In the News

Manufacturers of Certain Medical Devices Originally Marketed Prior to 1976 Must Submit Safety Data to FDA

Apr 23, 2009

The U.S. Food and Drug Administration (FDA) announced on April 8, 2009 that current manufacturers of 25 types of Class III medical devices originally marketed prior to 1976 must submit to the Agency safety and effectiveness information that has not previously been provided. In a Federal Register (74 Fed. Reg. 16214, April 9, 2009) notice detailing the new requirement, FDA stated that this information will be used to determine if the classification for each device should be revised to require the submission of a premarket approval application (PMA) or a notice of completion of a Product Development Protocol (PDP), or whether the device should be reclassified as a Class I or II device.

The Medical Device Amendments of 1976 (modifying the Federal Food, Drug, and Cosmetic Act) authorized FDA to review new medical devices.

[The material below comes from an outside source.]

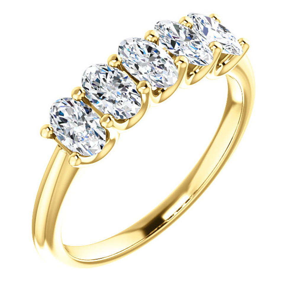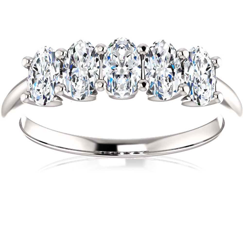 Handcrafted in white, yellow, or rose gold with five 5x3mm oval moissanite stones.
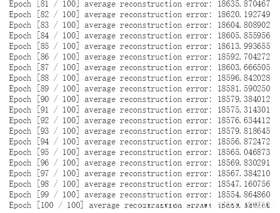 print('Epoch [%d / %d] average reconstruction error: %f' % (epoch+1, num_epochs, train_loss_avg[-1]))

In a press release on the announcement, FDA said that this is the first step towards completing the review of Class III device types predating the 1976 law, as was recommended by the U.S. Government Accountability Office (GAO) in a January 2009 report to Congress.

"We are taking the necessary steps to complete this very complex process while continuing to protect public health by thoroughly reviewing and evaluating all medical device submissions presented to the agency. New premarket notification submissions for devices of these 25 types will continue to receive an appropriate level of scrutiny to ensure safety and effectiveness," Daniel G. Schultz, M.D., director of the FDA's Center for Devices and Radiological Health, explained in the release.

Manufacturers of the 25 device types—which include two types of metal hip joints, several devices related to pacemakers, and membrane lungs—must submit the requested information by August 7, 2009.